After creating the Paths table, we set the query to be sent to pgRouting depending on whether we have want to compute the fastest or the shortest paths between two nodes. The generator uses the parameter P_PGROUTING_BATCH_SIZE to determine the maximum number of paths we compute in a single call to pgRouting. This parameter is set to 10,000 by default. Indeed, there is limit in the number of paths that pgRouting can compute in a single call and this depends in the available memory of the computer. Therefore, we need to determine the number of calls to pgRouting and compute the paths by calling the function pgr_dijkstra.
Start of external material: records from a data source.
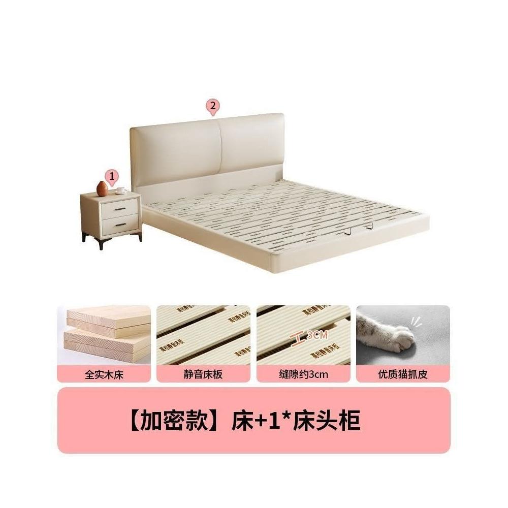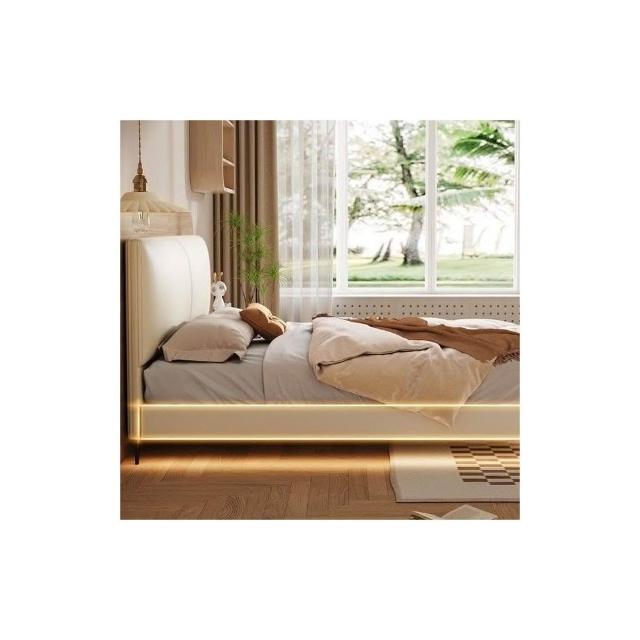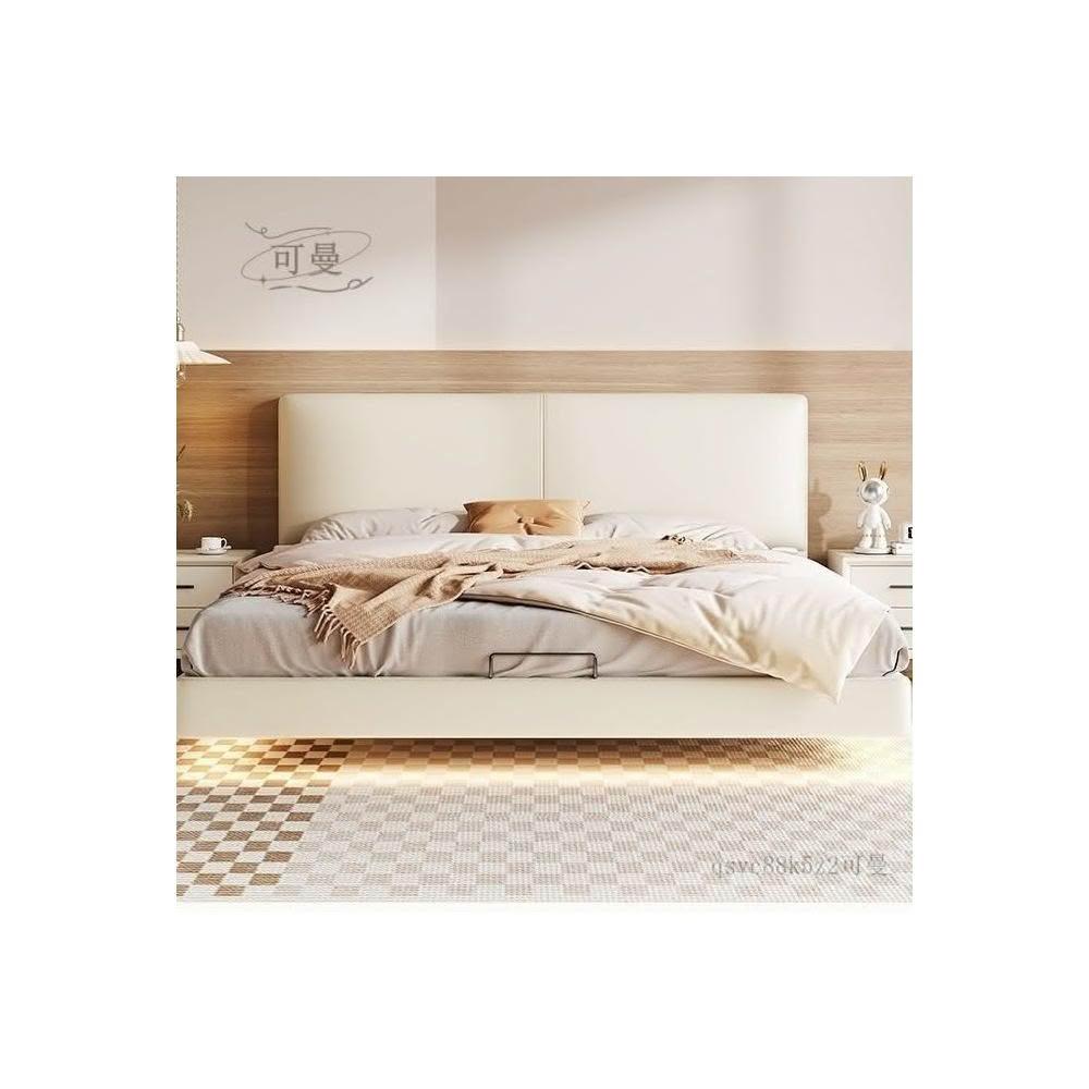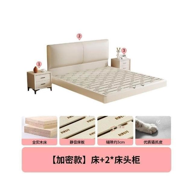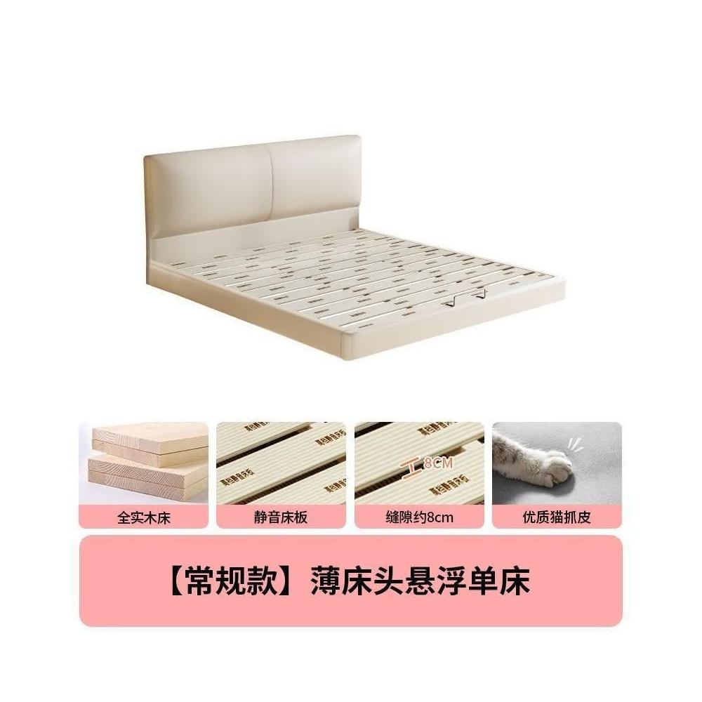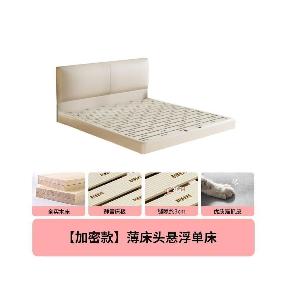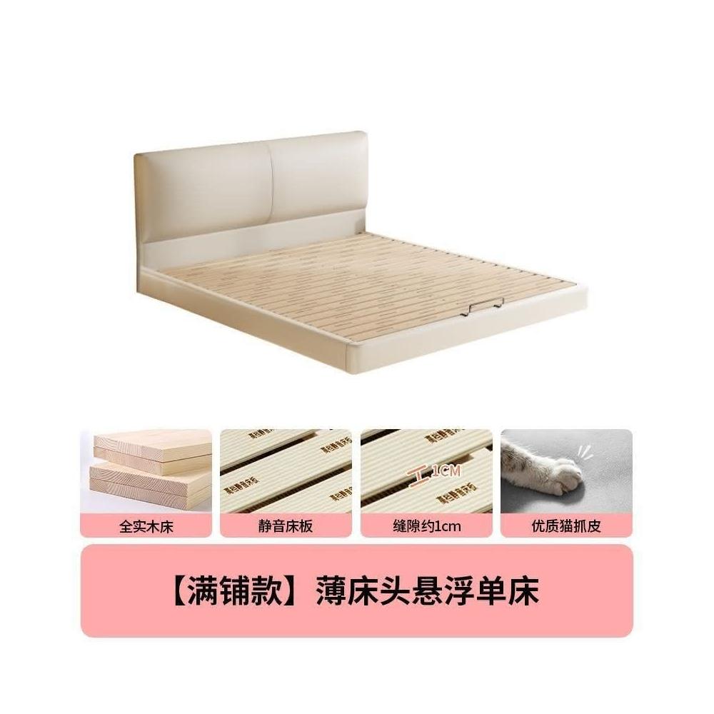 懸浮床現代簡約主臥貓抓皮全實木床 意式極簡薄床頭齊邊主臥雙人床
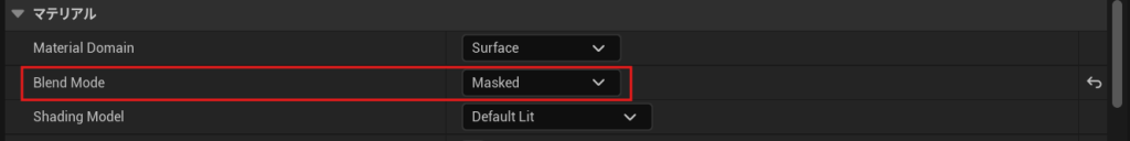 コンテンツブラウザで新しくマテリアルを作成した後、マテリアルを開きBlend ModeをMaskedに変更します。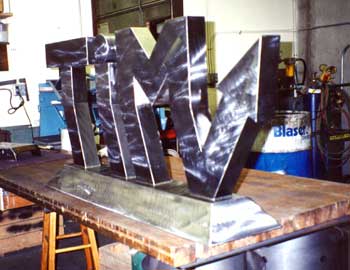 Title...Tim Size...2.5ft tall and 5ft long. Medium...18g. sheetmetal Year...Feb. of 2001 Comments...This is the first piece I made. It was made for a good friend of mine, Diet HTK, END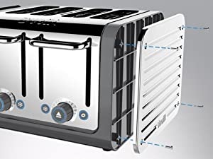 This is a great toaster it toasts evenly and quickly. It is solid, robust and stylish. Handy to be able to lift the bars to have a peek at the toast without canceling the process. It does not fit Warburtons bread in unfortunately, for this I have to start toasting it and wait till the bread shrinks a bit, then put it sideways in. Still, it’s definitely the best toaster I’ve had in many years!

Finally, we need to adjust the directionality of the geometry of the edges depending on which direction a trip traverses the edges, and set the speed and the category of the edges.

We explain how to generate the trips for a number of vehicles and a number of days starting at a given day.

DROP TABLE IF EXISTS Deliveries;
CREATE TABLE Deliveries(deliveryId int PRIMARY KEY, Vehicle int, Day date, noCustomers int,
  Trip tgeompoint, Trajectory geometry);
DROP TABLE IF EXISTS Segments;
CREATE TABLE Segments(deliveryId int, seq int, source bigint, target bigint, 
  trip tgeompoint,
  -- These columns are used for visualization purposes
  trajectory geometry, sourceGeom geometry, PRIMARY KEY (deliveryId, seq));
delivId = 1;
aDay = startDay;
FOR i IN 1..noDays LOOP
  SELECT date_part('dow', aDay) into weekday;
  -- 6: saturday, 0: sunday
  IF weekday <> 0 THEN
    FOR j IN 1..noVehicles LOOP
      -- Start delivery
      t = aDay + time '07:00:00' + createPauseN(120);
      -- Get the number of segments (number of destinations + 1)
      SELECT count(*) INTO noSegments
      FROM Trips
      WHERE vehicle = j AND day = aDay;
      FOR k IN 1..noSegments LOOP
        -- Get the source and destination nodes of the segment
        SELECT source, target INTO sourceNode, targetNode
        FROM Trips
        WHERE vehicle = j AND day = aDay AND seq = k;
        -- Get the path
        SELECT array_agg((geom, speed, category) ORDER BY path_seq) INTO path
        FROM Paths P
        WHERE start_vid = sourceNode AND end_vid = targetNode AND edge > 0;
        IF path IS NULL THEN
          RAISE EXCEPTION 'The path of a trip cannot be NULL. '
            'Source node: %, target node: %, k: %, noSegments: %', sourceNode, 
              targetNode, k, noSegments;
        END IF;
        startTime = t;
        trip = create_trip(path, t, disturbData, messages);
        IF trip IS NULL THEN
          RAISE EXCEPTION 'A trip cannot be NULL';
        END IF;
        t = endTimestamp(trip);
        tripTime = t - startTime;
        IF k < noSegments THEN
          -- Add a delivery time in [10, 60] min using a bounded Gaussian distribution
          deliveryTime = random_boundedgauss(10, 60) * interval '1 min';
          t = t + deliveryTime;
          trip = appendInstant(trip, tgeompoint_inst(endValue(trip), t));
        END IF;
        alltrips = alltrips || trip;
        SELECT geom INTO sourceGeom FROM Nodes WHERE id = sourceNode;
        INSERT INTO Segments(deliveryId, seq, source, target, trip, trajectory, sourceGeom)
          VALUES (delivId, k, sourceNode, targetNode, trip, trajectory(trip), sourceGeom);
      END LOOP;
      trip = merge(alltrips);
      INSERT INTO Deliveries(deliveryId, vehicle, day, noCustomers, trip, trajectory)
        VALUES (delivId, j, aDay, noSegments - 1, trip, trajectory(trip));
      delivId = delivId + 1;
      alltrips = '{}';
    END LOOP;
  END IF;
  aDay = aDay + interval '1 day';
END LOOP;

We start by creating the tables Deliveries and Segments. Then, the procedure simply loops for each day (excepted Sundays) and for each vehicle and generates the deliveries. For this, we first set the start time of a delivery trip by adding to 7 am a random non-zero duration of 120 minutes using a uniform distribution. Then, for every couple of source and destination nodes in a segment, we call the function create_trip that we have seen previously to generate the trip. We add a delivery time between 10 and 60 minutes using a bounded Gaussian distribution before starting the trip to the next customer or the return trip to the warehouse and then insert the trip into the Segments table.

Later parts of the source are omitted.